DCGI to introduce ‘Preliminary Scrutiny’ for approval of FDCs from Jan 1
Aiming to streamline the submission of application for approval of Fixed Dose Combination (FDC) drugs and their review by the drug authorities, the Drug Controller General of India (DCGI) has introduced a system of ‘preliminary scrutiny’ of such applications while receiving them to determine the acceptability for review by the DCGI office. This will come into effect from January 1, 2011.
The new system is intended to avoid unnecessary delays in approvals of FDC applications. So far, the applicants have used many different approaches in organizing the information and the differences in organization of data in each application has made reviewing more difficult and can also lead to omission of critical data or analyses which could result in unnecessary delays in approvals.
The preliminary scrutiny of the applications will be done by CDSCO officers based on checklists prepared for each of the several categories of FDC. During the preliminary examination, the CDSCO officers will scrutinize the applications to ensure that it contains all the required administrative as well as technical information in proper manner as per the checklist. If application submitted is not in accordance with the format and the checklist, it will not be accepted by CDSCO.
Once an application is accepted, the adequacy of the data will be reviewed by CDSCO as per the specified requirements and guidelines. In case the data submitted is not adequate or satisfactory, applicant will be requested to generate/submit adequate data for consideration and approval of the FDC.
The proposed fixed dose combination should be based on therapeutic rationale. The applicant is required to justify the combination based on the rationale. While submitting the rationale for a FDC, the applicant must address the issues like drug-drug interaction between the ingredients, food effects and dosage schedule of individual active ingredients vis-a-vis that of the FDC. Further, the indication/claim for the FDC should be such that the individual active ingredients makes a contribution to the claimed effect and the product should be formulated so that the dose and proportion of each substance in the FDC is appropriate.
Trial batches of new drugs for test and analysis/clinical trial/BE study purpose should be manufactured after obtaining Licence in Form 29 from the concerned State Licensing Authority and copy of the licence should be submitted along with the application.
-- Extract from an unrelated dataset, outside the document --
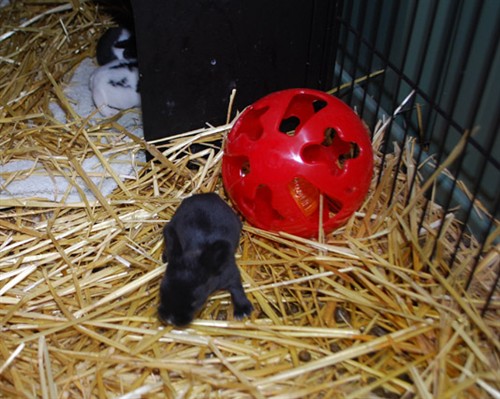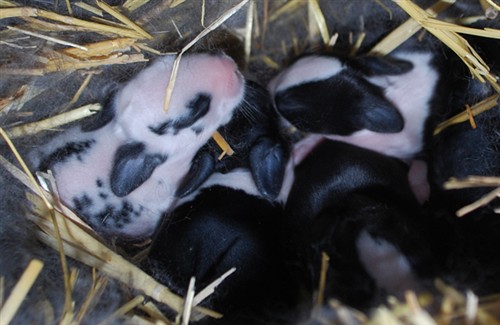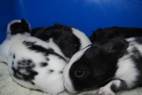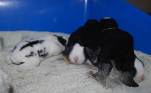 They are doing well this morning. Stu has buried them deeper inside the nest because they were jumping around a lot. 3 of them have dutch markings. 1 is all white with black ears and black spots all over, and one is all black like stu, but with a white dot on its nose.

While submitting reply to a query, the applicant should always enclose with the reply, a copy of query letter issued by CDSCO.
The applicant should submit stability data generated on 3 trial batches manufactured by them under Licence in Form 29 issued by State Licensing Authority (SLA). The stability data and the clinical trial protocol should be submitted as per the CDSCO format. In case of clinical trial/ bioequivalence study NOC, the applicant should submit the adequate chemical and pharmaceutical information. The applicant should always submit certificate of analysis, dissolution data (in case of oral dosages form, as appropriate), stability study data etc. in respect of formulation, duly signed by the In-charge/Manager QC.
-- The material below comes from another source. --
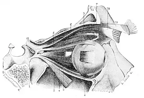 Fig. 1.—This figure gives a general view of the eyeball, the outer wall of the orbit being removed: 1, tendon of origin of three of the muscles of the eyeball; 2, the external straight muscle divided and turned down so as to expose the lower straight muscle; 3, 4, 5, 6,7, 8, muscles moving the eyeball; 9, 10, 10, muscle which raises the upper eyelid; 11, optic nerve. (After Sappey.)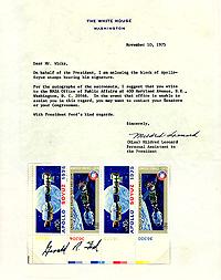 An Apollo-Soyuz plate block, affixed with museum-corners to a transmittal letter dated November 10, 1975. Signed by Gerald Ford as President on the margin of the stamps!

Before preparing the application, the applicant must categorise their proposal and submit information as per the checklist for that category. Application in Form 44 should be complete in all respects and signed by the authorized person of the firm with name and designation. The TR challan receipt submitted by the applicant should mention the name of the FDC including correct head of the account, payable at, bank clearance, etc. The documents must be submitted with indexing and page number. Without indexing or page number, no application will be accepted. Clear and unequivocal information should be provided along with the application.